***** Extracted records

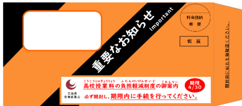
オレンジ色の封筒

① もうしこ ひつよう ① 申込みに必要な ログインID と パスワード が書いてある 通知文 が、4月15日頃までに郵便で届きます。
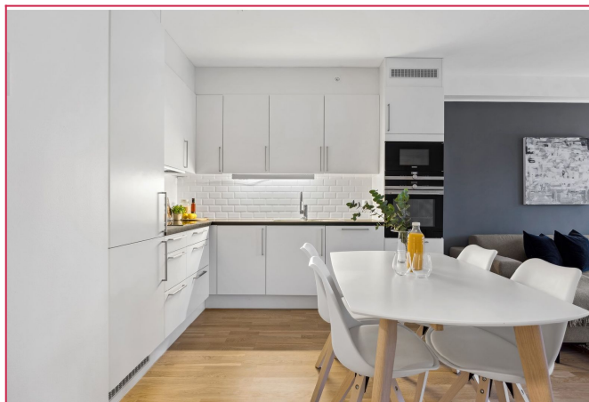
Kjøkkenet har hvite slette fronter og fliser over kjøkkenbenk - Hvitevarer er integrert
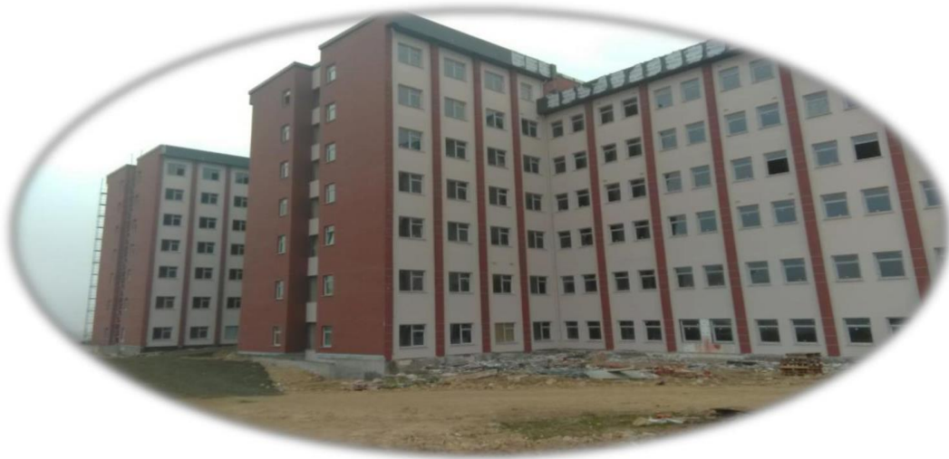
Resim 10- Kastamonu Tıp Fakültesi Morfoloji Binası Görünüm
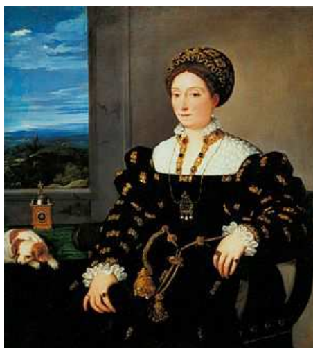
Fig. 5: Tiziano, Ritratto di Eleonora Gonzaga , Firenze, Galleria degli Uffizi.
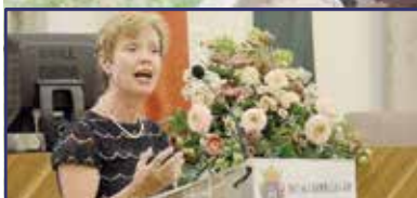
A Világbank szerint Fehérvár az élen 3. oldal
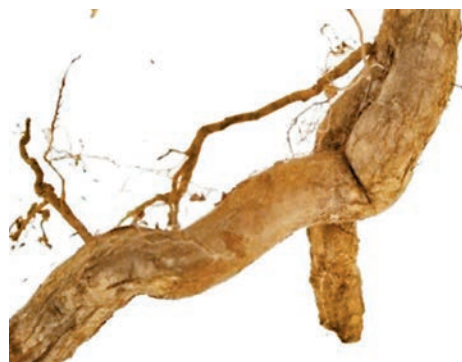
◆鈎吻的根表面呈灰棕色或棕色。
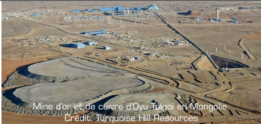
Mine d'or et de cuivre d'Oyu Tolgoi en Mongolie.

En outre, Turquoise Hills, dont le siège se trouve au Canada, possède la majorité d'Oyu Tolgoi; La mine la plus connue en Mongolie devrait plus que doubler la production d'or et investir 1,2 milliard de dollars dans le développement souterrain en 2018.
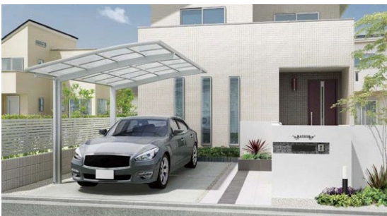
フーゴ R 900 1台用
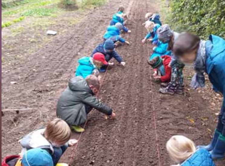
Gartenbauunterricht in der Unterstufe
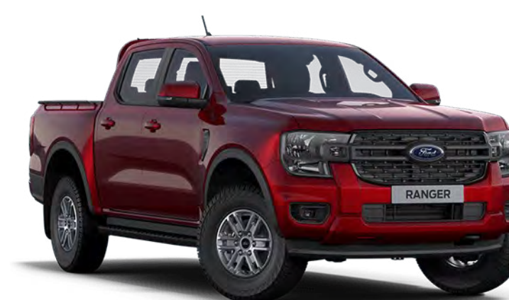
Lucid Red †† Vopsea metalizată
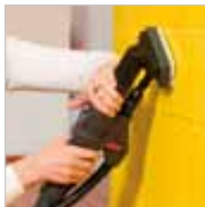
Die Wanddüse schmal reinigt auch poröse Flächen, für kleine Flächen geeignet.
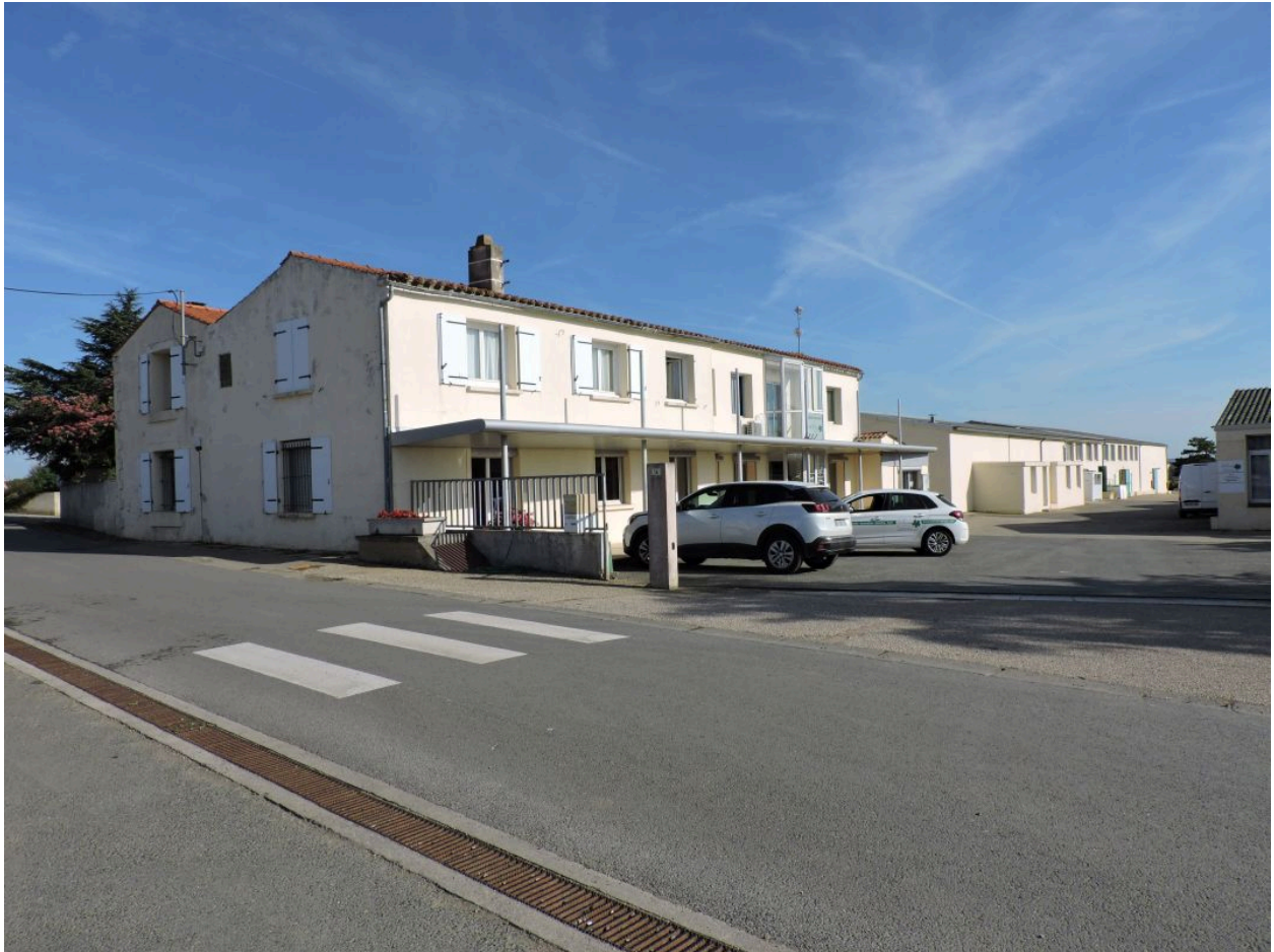
Le siège de l'entreprise Mercier, sur le site d'une ancienne ferme, vu depuis le sud.

**********

### Try it
Go down the entries above from the line containing "En outre, Turquoise" to the line containing "Die Wanddüse schmal" and write out each line exactly, leaving pictures out.

### Output for this exercise
En outre, Turquoise Hills, dont le siège se trouve au Canada, possède la majorité d'Oyu Tolgoi; La mine la plus connue en Mongolie devrait plus que doubler la production d'or et investir 1,2 milliard de dollars dans le développement souterrain en 2018.
フーゴ R 900 1台用
Gartenbauunterricht in der Unterstufe
Lucid Red †† Vopsea metalizată
Die Wanddüse schmal reinigt auch poröse Flächen, für kleine Flächen geeignet.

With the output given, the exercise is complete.